Posted on December 10, 2010 - March 29, 2012 by peter

During my latest clean up I found a couple of DVD’s from which I would like to have just the audio as an MP3. Here we go…

First of all I needed to know the structure of the audio tracks on that DVD. Digging through the Ubuntu repository brought lsdvd to my attention. A quick install:

aptitude install lsdvd

A quick check of the manpage and lsdvd revealed everything I wanted to know about this DVD:

peter@asterix:~$ lsdvd -a
libdvdread: Using libdvdcss version 1.2.10 for DVD access
Disc Title: NEO_DVD
Title: 01, Length: 00:11:50.050 Chapters: 01, Cells: 01, Audio streams: 03, Subpictures: 01
Audio: 1, Language: xx - Unknown, Format: lpcm , Frequency: 48000, Quantization: 16bit, Channels: 2, AP: 2, Content: Undefined, Stream id: 0xa0
Audio: 2, Language: xx - Unknown, Format: ac3, Frequency: 48000, Quantization: drc, Channels: 2, AP: 2, Content: Undefined, Stream id: 0x81
Audio: 3, Language: xx - Unknown, Format: mpeg1, Frequency: 48000, Quantization: 16bit, Channels: 2, AP: 2, Content: Undefined, Stream id: 0xc2

Title: 02, Length: 00:07:37.000 Chapters: 01, Cells: 01, Audio streams: 03, Subpictures: 01
Audio: 1, Language: xx - Unknown, Format: lpcm , Frequency: 48000, Quantization: 16bit, Channels: 2, AP: 2, Content: Undefined, Stream id: 0xa0
Audio: 2, Language: xx - Unknown, Format: ac3, Frequency: 48000, Quantization: drc, Channels: 2, AP: 2, Content: Undefined, Stream id: 0x81
Audio: 3, Language: xx - Unknown, Format: mpeg1, Frequency: 48000, Quantization: 16bit, Channels: 2, AP: 2, Content: Undefined, Stream id: 0xc2

Longest track: 01

And now lets copy the audio with transcode. Okay,… another install item:

aptitude install transcode

I am using my DVD burner so the device in Ubuntu is /dev/dvdrw and as a first test I want to get the whole audio in one file.
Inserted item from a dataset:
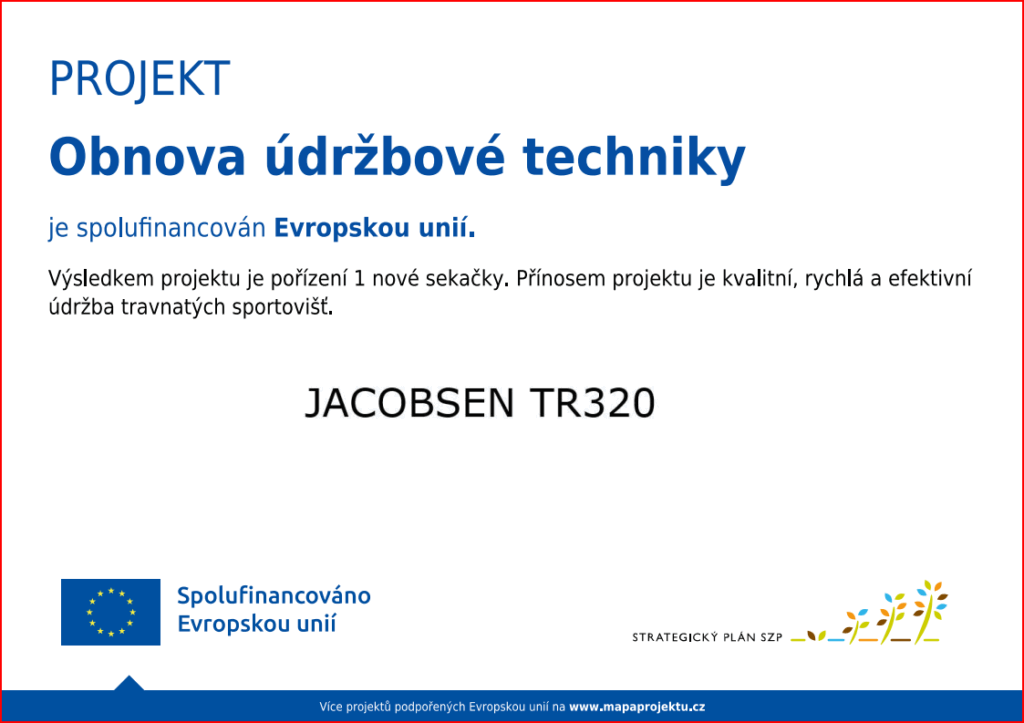 Tentokrát nejde o talentovaného sportovce, ale o nový údržbový stroj, který významně zlepší péči o naše sportoviště. Díky financím z dotace programu SZIF, kterou nám pomohla zajistit MAS Moravskotřebovsko a Jevíčko, podpoře z rozpočtu města a vlastním úsporám TJ Slovan, jsme pořídili novou vřetenovou sekačku Jacobsen TR 320. Ta nahradila svou dlouholetou předchůdkyni stejné značky.

transcode -i /dev/dvdrw -x dvd,dvd -T 1,-1,1 -y null,tcaud -m all_tracks.mp3

Works like a charm, so lets get all the tracks as separate files. A nice for-loop is a good helper here:

for i in `seq 1 2`; do
transcode -i /dev/dvdrw -x dvd,dvd -T 1,${i},1 -y null,tcaud -m track_${i};
done

Et voila, I have nice MP3 tracks that just need a little tagging with id3v2.

Now l am occupied with grabbing my library of DVD’s.